I download a monthly time series of unemployment rates from the Federal Reserve using alfred
df <- alfred::get_alfred_series("UNRATE")
As unemployment data is later revised after its first release, df
contains every single observation, revised and unrevised, of UNRATE
along with the date on which the revision was posted.
> head(df)
date realtime_period UNRATE
1 1948-01-01 1960-03-15 3.5
2 1948-02-01 1960-03-15 3.8
3 1948-03-01 1960-03-15 4.0
4 1948-04-01 1960-03-15 4.0
5 1948-05-01 1960-03-15 3.6
6 1948-06-01 1960-03-15 3.8
I'm looking to filter the dataframe to find the first realtime_period
associated with each date
, and can do it with dplyr
:
df |>
mutate(Delta = realtime_period - date) |>
group_by(date) |>
filter(Delta == min(Delta)) |>
ungroup()
Question: How do I do this in base R (I'm using R 4.3.3) instead of using dplyr?

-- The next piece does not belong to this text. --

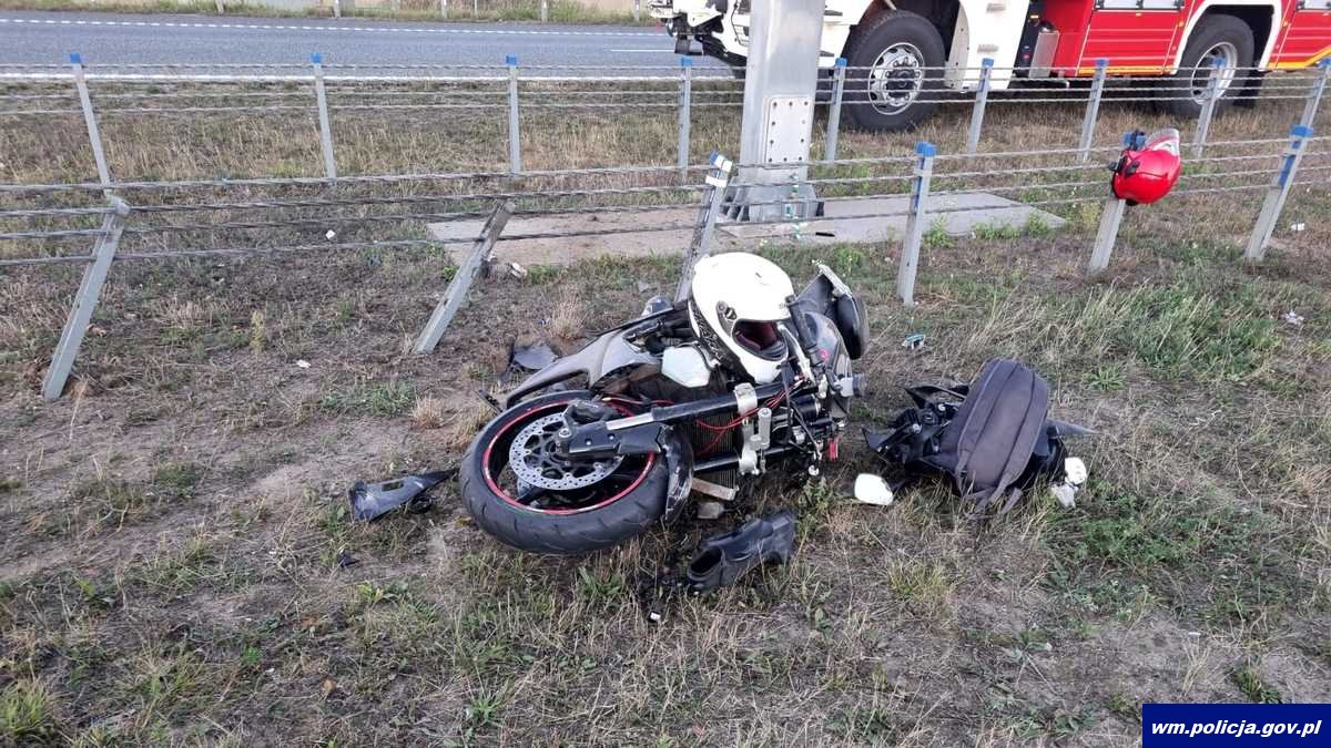 W niedzielę (04.09.2022r.) dyżurny nidzickiej jednostki Policji otrzymał zgłoszenie dotyczące zdarzenia drogowego na drodze ekspresowej S7 koło miejscowości Litwinki. Z ustaleń policjantów zadysponowanych do obsługi zdarzenia wynikało, że 35-letni kierujący motocyklem marki Suzuki na prostym odcinku drogi stracił panowanie nad pojazdem w skutek czego zjechał w lewo na pas zieleni gdzie uderzył w bariery energochłonne. Motocyklista był trzeźwy. Zderzenie skutkowało urazem kręgosłupa i złamaniem oczodołu u motocyklisty. Funkcjonariusze sporządzili wniosek o ukaranie do sądu i zatrzymali dowód rejestracyjny jednośladu.

I'm trying to avoid the tidyverse and stick with base R for consistency as its syntax rarely changes.
Sincerely
Thomas Philips
You can replace mutate
with transform
, and replace grouped filter
with subset
+ ave
.
df |>
transform(Delta = abs(realtime_period - date)) |>
subset(Delta == ave(Delta, date, FUN = min))
transform
and subset
are both from {base}
. ave
is from {stats}
that is still an internal package of R.